Tasha and I were talking about discipline today.  Our children are about the same age, and we were discussing the pros and cons of corporal punishment.  We were also talking about how much the landscape had changed as far as spankings go, from our childhood to our parenthood.  When we were little, no one thought much about a parent taking a switch to a child’s bare legs, leaving welts and abrasions.  Today?  Someone whose opinion I value on the matter said that if the marks lasted longer than an hour, today we call it child abuse.

I don’t like to spank Thor.  I’ve done it, but it usually means three or four good swats to the butt with the palm of my hand.  I’ve certainly never spanked him like I was spanked: My mother holding me by one wrist, dancing me around in circles with the belt/switch/hairbrush/ping-pong paddle/wooden spoon/rolled up magazine/fly swatter chasing my backside from my hips to my knees.  I’ll give her that she was creative in torture implements!

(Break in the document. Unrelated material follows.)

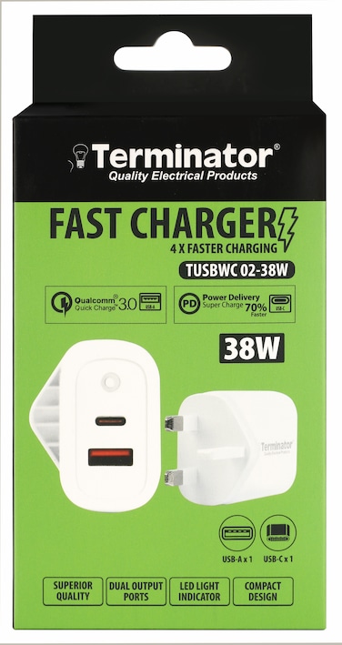Terminator brand USB Wall Charger with 38W Fast Charging USB-A (QC3) & USB-C (PD) with 13A Plug & Blue Light Indicator-White

There are no pros to spankings that I can find.  I’m not even sure that it enforces an idea.  I mean, I can remember a lot of spankings, but I can’t tell you why I got them.  Probably for lying, or mouthing off, or any amount of normal child behavior–because I never got caught for my worst crimes (at least not until my senior year of high school, and by then I was too big to spank.)

The only spanking I got, for which I can be certain of my infraction, happened at Cinderella City mall in Englewood, Colorado.  The geography would have put me at about 3 years old.  I happened to wander off while my mother was looking in the fabric store, and when we were finally reunited, it was not happy at all.  Mom took me into a restroom to reinforce the idea that I should not wander off in shopping centers, and was about halfway through beating that sense into me with a wooden spoon, when two women came into the restroom to find me screaming bloody murder.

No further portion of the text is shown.